China's anti-dumping investigation into U.S. exports of animal feed could disrupt trade, a U.S. trade group said Friday.
The U.S. Grains Council said in a statement that China's decision this week to open a probe into American exports of distiller's dried grains, a byproduct of corn-ethanol production used for animal feed, was "surprising and could be disruptive to trade."
"China's unusual market and supply volatility over the last two years has resulted in new global trade flows. As trade flows change, it should perhaps not be surprising there would be an adjustment period in response to unprecedented demand," said the group, an influential lobbying arm for the farm industry in the United States.
China's Ministry of Commerce announced Tuesday it had begun looking for evidence of dumping from July 2009 until June 2010, and would also widen the search for harm to China's industry starting from January 2007.
Trade tensions between the U.S. and China have sharpened in the past year over a number of issues, from clean energy to currency. Specific spats have emerged over commodities including tires, auto parts and beef.

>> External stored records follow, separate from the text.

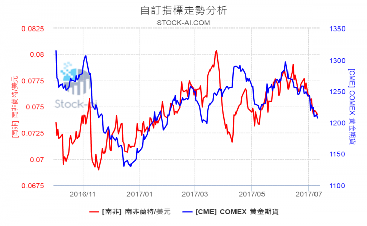 感謝阿雪的繪圖。這圖看得很清楚,南非幣兌美元匯率在今年3月下旬到6月下旬這三個月區間的變化圖形,是複製了2016年11月上旬到2017年3月上旬,這四個月區間的變化圖形而來 (各位可依剛剛剛所說時點,自行畫出矩形區間來對照圖形)。而現階段南非幣兌美元匯率,正與黃金期貨價格呈同步發展,趨勢仍呈現下行走向。雖然昨日上半日,南非幣兌美元匯率曾開始轉為小幅升值,容易讓人以為這波下行已經結束;但在近收盤前這8小時內,南非幣兌美元匯率有急劇的變化,是從升值0.5%幅度轉為反向的貶值0.8%幅度,可見得黃金價格也即將呈現同步急劇的調整轉向。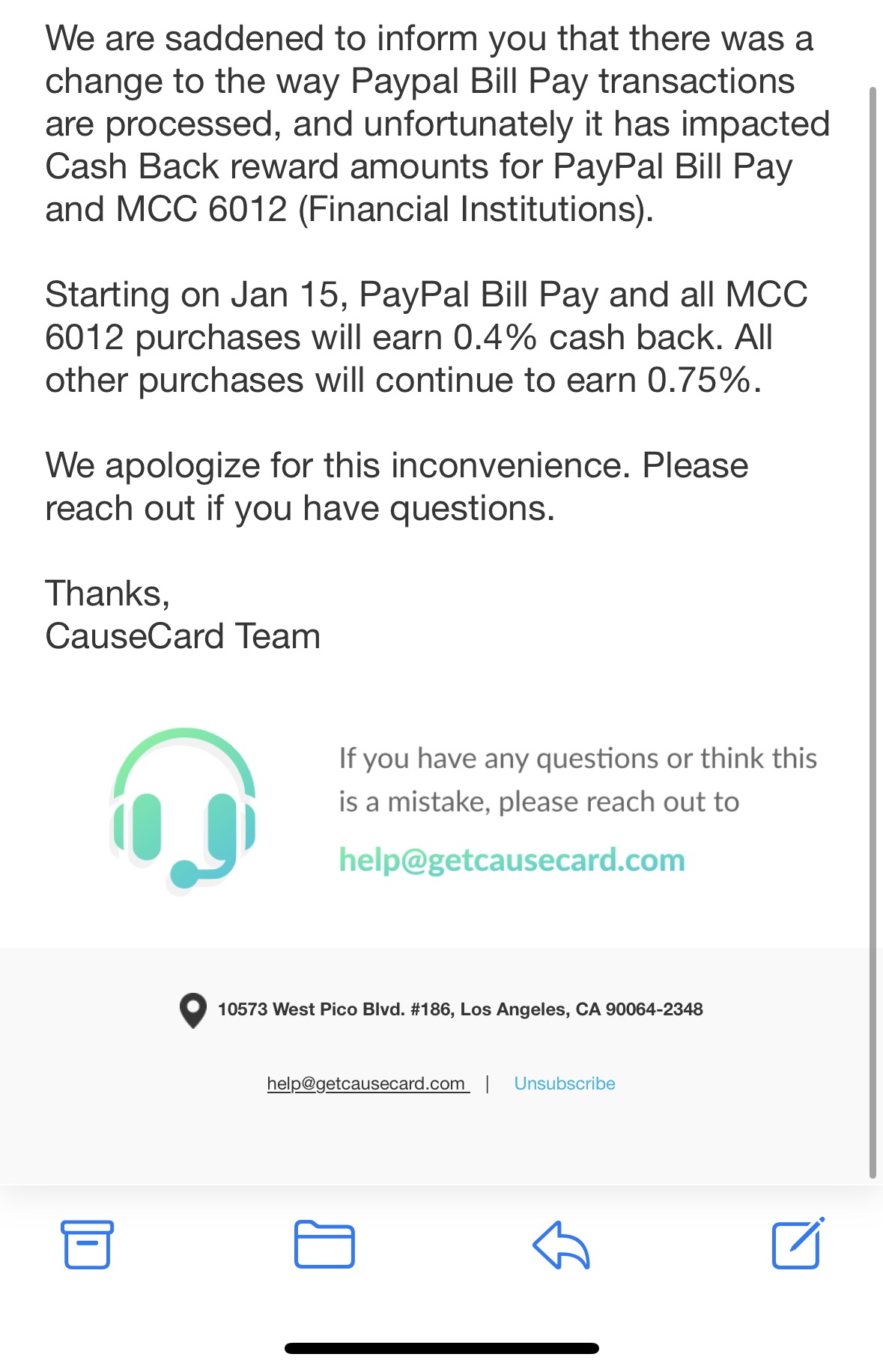 We are saddened to inform you that there was a change to the way Paypal Bill Pay transactions are processed, and unfortunately it has impacted Cash Back reward amounts for PayPal Bill Pay and MCC 6012 (Financial Institutions).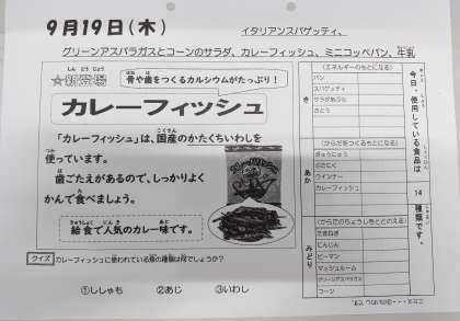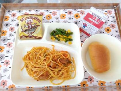 9/19今日の給食は「イタリアンスパゲッティ、グリーンアスパラガスとコーンのサラダ、カレーフィッシュ、ミニコッペパン、牛乳」です!
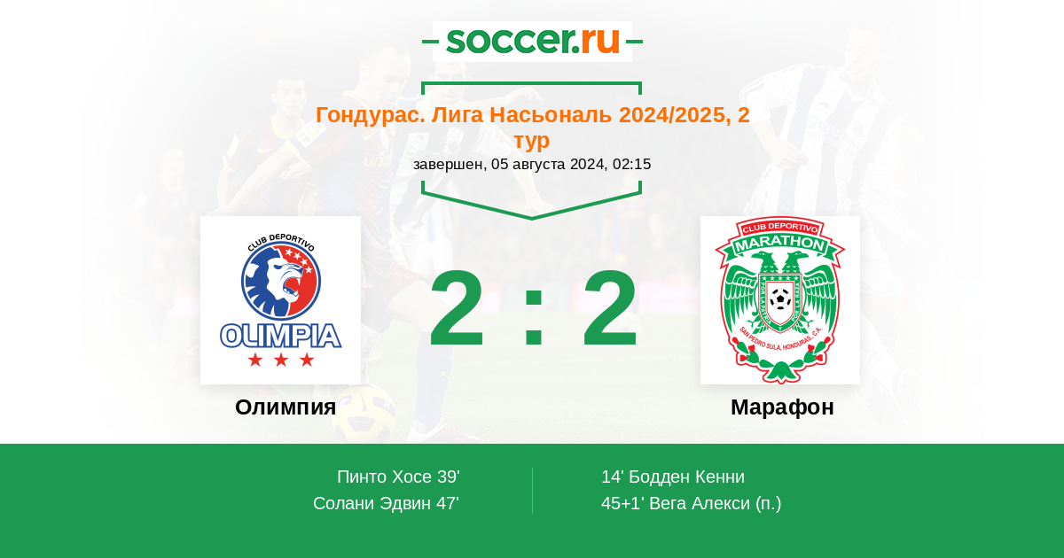 Протокол матча Олимпия против Марафон

Earlier this week, the Obama administration filed a case against China before the World Trade Organization, accusing Beijing of providing unfair government subsidies to Chinese energy companies.
The case arose from a petition by the United Steelworkers union in September, which alleged that Chinese businesses have undercut foreign manufacturers of wind and solar equipment on the international market because of huge government subsidies.